"All the world's a stage and all the men and women merely players." - St Bride's: Reflection

St Bride's: Sermons

"All the world's a stage and all the men and women merely players."

shakespeare.jpg"All the world's a stage,
And all the men and women merely players;
They have their exits and their entrances;
And one man in his time plays many parts,
His acts being seven ages. At first the infant,
Mewling and puking in the nurse's arms;
Then the whining school-boy, with his satchel
And shining morning face, creeping like snail
Unwillingly to school. And then the lover,
Sighing like furnace, with a woeful ballad
Made to his mistress' eyebrow. Then a soldier,
Full of strange oaths, and bearded like the pard,
Jealous in honour, sudden and quick in quarrel,
Seeking the bubble reputation
Even in the cannon's mouth. And then the justice,
In fair round belly with good capon lin'd,
With eyes severe and beard of formal cut,
Full of wise saws and modern instances;
And so he plays his part. The sixth age shifts
Into the lean and slipper'd pantaloon,
With spectacles on nose and pouch on side;
His youthful hose, well sav'd, a world too wide
For his shrunk shank; and his big manly voice,
Turning again toward childish treble, pipes
And whistles in his sound. Last scene of all,
That ends this strange eventful history,
Is second childishness and mere oblivion;
Sans teeth, sans eyes, sans taste, sans everything."

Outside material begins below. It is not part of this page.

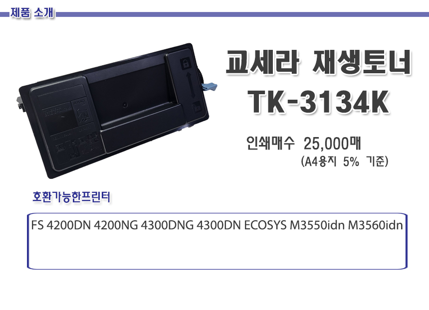 교세라 T/C 호환 TK-3134K 검정 25K FS 4200DN 4200NG 4300DNG 4300DN ECOSYS M3550idn M3560idn

The opening line from Jacques speech in Shakespeare's As you Like It. He goes on to describe the seven ages of man as a journey from infancy to old age and then "mere oblivion." This image of the journey, of being on the way, trying to make sense of this confusing world and yet being bound together as we travel along, is one that has always spoken powerfully to me. And I suppose particularly so when one reaches a milestone along the way, as I did recently when I celebrated my 60th birthday. So forgive me if I speak personally, but I hope not self-indulgently. I'm not sure if, in Shakespeare's terms, I've reached the 5th stage, "in fair round belly with good capon lin'd" or the sixth stage, "with lean and slipper'd pantaloon, spectacles on nose and pouch on side", or somewhere between the two. Whichever it is, Shakespeare takes it for granted that life is a one-way street, a journey punctuated by different stages or phases, each one involving a certain amount of letting-go of the past, as well as looking ahead to the future. And it is lovely today to welcome someone who is celebrating the first stage, James Wills "mewling and puking in his nurse's arms" as he comes to his baptism and looks ahead with hope to the future.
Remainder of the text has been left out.